The sure way would be to batch UCI go depth commands. Although I did see in the new SF source code a keyword on top of search: "trace". If that can make its way through UCI, I think it ought to have iterative under user control.

Was I clear on that more tangible idea? next post for my stuff.
Oh, and I was trying to link your other post to this one. As it might be interacting, as a position characteristic among other, with the position set part of each player sampled pool of games in your data "corpus" over which your are extracting a player profile or phenotype or model or error. (it could be other things that error, but that is how you started, might as well keep in that direction until it needs revision, and that is how the chess community is tooled ubiquitously, so.. ).
I'm pretty sure this distribution can be directly converted into ELO estimate.
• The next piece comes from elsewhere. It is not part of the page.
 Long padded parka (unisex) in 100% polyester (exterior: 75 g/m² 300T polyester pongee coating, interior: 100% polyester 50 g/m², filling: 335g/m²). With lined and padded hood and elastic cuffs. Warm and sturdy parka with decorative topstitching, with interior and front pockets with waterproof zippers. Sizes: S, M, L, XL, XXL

All you need to do is to calculate it for a bunch of players with established ratings from their games and find out how distribution parameters correlate with ELO. And yes, probably better to look at winning percentage drop than at centipawns loss.
I think you might consider using more than one definition of sharpness computer measure, and give them temporary qualifiers.
Then at some point you would be able to have the fuzzier notion that people use to be confronted to what each prototype definition would bring as positions.
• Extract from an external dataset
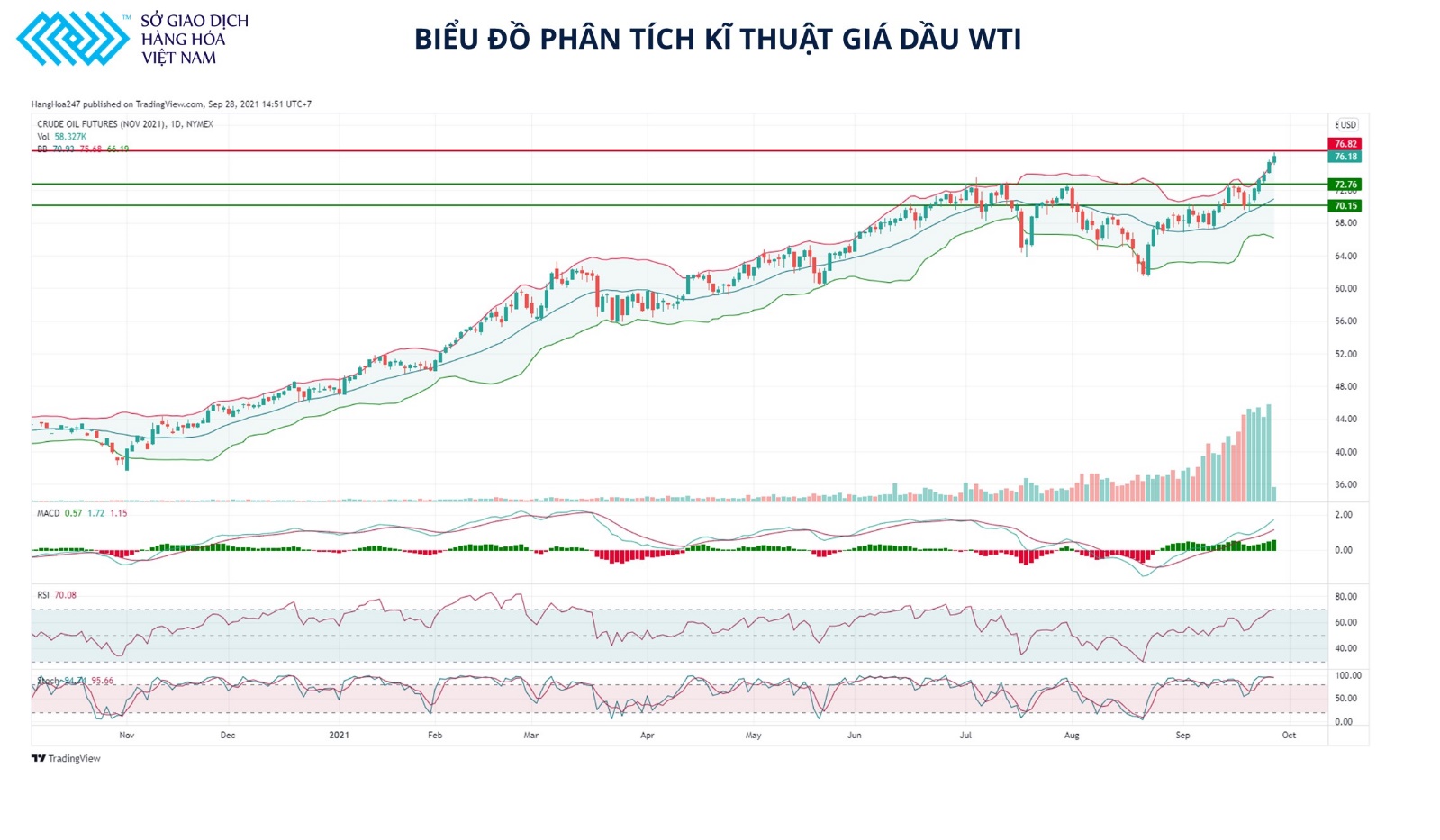 Đà tăng của khí tự nhiên kéo theo dầu tiến gần đến mốc 80 USD/thùng. Giá dầu tiếp tục tăng phiên thứ 5 liên tiếp khi lo ngại về thiếu hụt năng lượng lên cao. Kết thúc phiên giao dịch hôm qua, giá khí tự nhiên đạt đỉnh 7 năm lên 5.706 USD/MMBTu, trong khi giá WTI tăng 1.99% lên 75.45 USD/thùng, giá Brent tăng 1.93% lên 78.72 USD/thùng.

I think one might use SF PV profiles at a position as one way of defining some sharpness. That would be of a specific position being sharp. But I think there are extended definition, that are about sustained sharpness, that one might have to keen dealing for a long segment of positions (all from adjacent positions by legal moves, or in other words a contiguous game fragment).

That at each successive position from such a position, the best move would be very isolated from many other moves. One would need to calculate tightly for large human depths.

From the mere leftmost node scoring in a single search, there might be 3 things to consider, the legal branching number, and then the relative scores of all the candidate if you can force SF to work at its maxim PV profile you might get enough data there. But even 5 might be enough. The number of legal moves, would be to be able to differentiate with a forcing segment if needed.

I may be missing some points, in the above. When letting loose the idea machine, sometimes things get loose we might have wanted to keep in check. a reasoning bling spot of sorts. So, I enjoy being checked for those, if readable first.

Maybe your idea of depth of actual leaf reward discovery (difference from other leaves at same depth) might also play a role also in what people refer to being sharp (position, or opening "territory"). Also, that might be included above, already in that SF is looking far at times to it scoring attribution to the current position.

This last bit, I was thinking, that maybe opening sharpness, having its consequences being visible, say in endgame or a lot deeper than one can calculate or have experience digested about, might make some people call that sharp or narrow choice of move early.

I am Just brainstorming, because I am not sure there is a well-defined version yet of sharpness in the community (not yours, it is a computer prototype for sure). I may be wrong about the community. as well. this is an impression that I have been having for a while. If I am right, it might be more inclusive and inviting people to bring in their own experience of the word, if there was room for that, by making Sharpness_wdl, or Sharpness_cp or as many candidates as one can formulate with analytical chess tools, so that further dataset based analysis could allow various strains of the internal version of the word in each person, already having some notion of what it is (like agreeing with someone else often enough about this or that being sharp). One could confront their own on-board sense of that with what your prototype definitions would suggest.

otherwise, you might be reducing your room for maneuvering. Or are you convinced that your last blog definition is consensus?
I suppose this is one of the methods for anti cheating. Everyone would have their standard cpl distribution. If suddenly one deviates significantly from their standard cpl distribution, red flags are raised.
This is also somewhat available in lichess insights, accuracy per number of moves.
It might be easier to read your CPL graphs with some sort of smoothing / density. You say that 30-130 is roughly constant but to my eye it seems there are more around 50 than 130 for sure. Smoothing will help assess this by eye.

Cool work regardless!